Polar codes are easily the most significant recent development in the areas of coding and information theory research. A wide variety of applications have been proposed for polar codes mainly due to their capacity achieving property for many different communication channels.

In this post, we explore the trends in research publications on the topic of polar codes in their brief but exciting history.
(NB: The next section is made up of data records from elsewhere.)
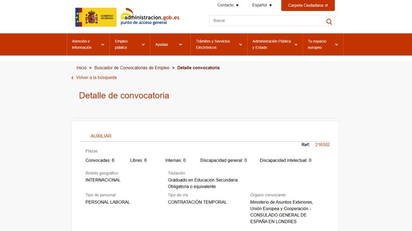 La página de la Administración del Gobierno de España ha publicado la convocatoria de 6 plazas de oposiciones (todas ellas por acceso libre) para personal laboral con contratación temporal en el Consulado General de España en Londres. Es el Ministerio de Asuntos Exteriores, Unión Europea y Cooperación el que ha hecho público este proceso selectivo.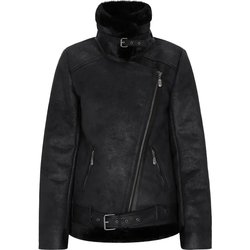 Laat je rebelse kant los met dit bikerjack. Met een asymmetrische ritssluiting aan de voorkant en een zachte reverskraag straalt het een pure uitstraling uit. Drie zakken met ritssluiting en een riem aan de zoom zorgen voor extra functionaliteit, terwijl ritsen aan de manchetten maatwerk mogelijk maken. Deze jas is perfect voor koeler weer en combineert mode en functionaliteit naadloos. Jas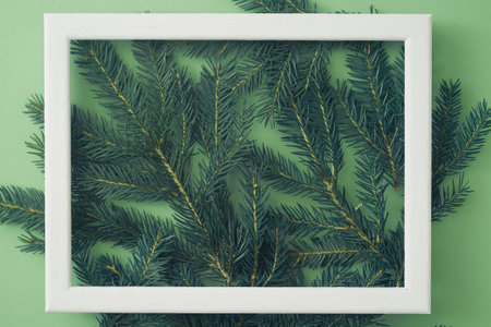 Festive Christmas frame with christmas tree branches and decoration with copyspace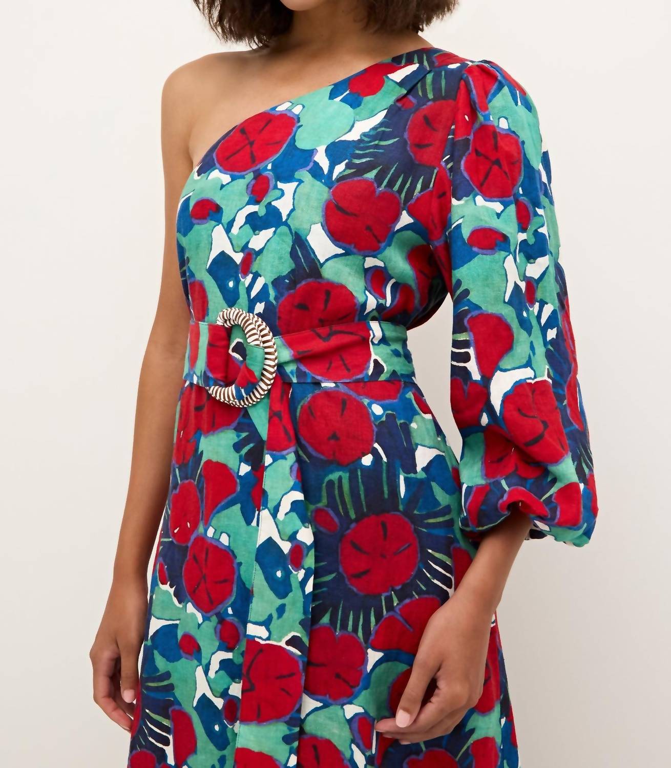 Style this maxi with your favorite statement necklace and sandals for the perfect look. Featuring a dramatic one-shoulder design with a full bagged sleeve, this maxi dress flaunts an A-line silhouette perfect for any special occasion. Its blend of 55% linen and 45% cotton is fully lined for comfort, while a side seam invisible zip closure ensures a sleek fit. Care instructions suggest a gentle machine wash with like colors and a line dry to keep its beauty intact.

This post also serves as a tutorial in exploratory data analysis using Python and Pandas along with Matplotlib for plotting.

```
%matplotlib inline
import matplotlib
import matplotlib.pyplot as plt
matplotlib.style.use('ggplot')
import numpy as np
import pandas as pd
import re
# Make the graphs a bit prettier, and bigger
pd.set_option('display.mpl_style', 'default')
matplotlib.rcParams['font.size'] = 14.0
matplotlib.rcParams['font.sans-serif'] = 'Avant Garde'
matplotlib.rcParams['xtick.labelsize'] = 'large'
matplotlib.rcParams['ytick.labelsize'] = 'large'
# Other Pandas options
pd.set_option('display.width', 5000)
pd.set_option('display.max_columns', 60)
pd.options.mode.chained_assignment = None
```

### Data Collection and Cleaning

For our analysis, it is sufficient to work with research publication citation data which is available from IEEE Xplore. We download the data using two search strings “polar codes” and “channel polarization”.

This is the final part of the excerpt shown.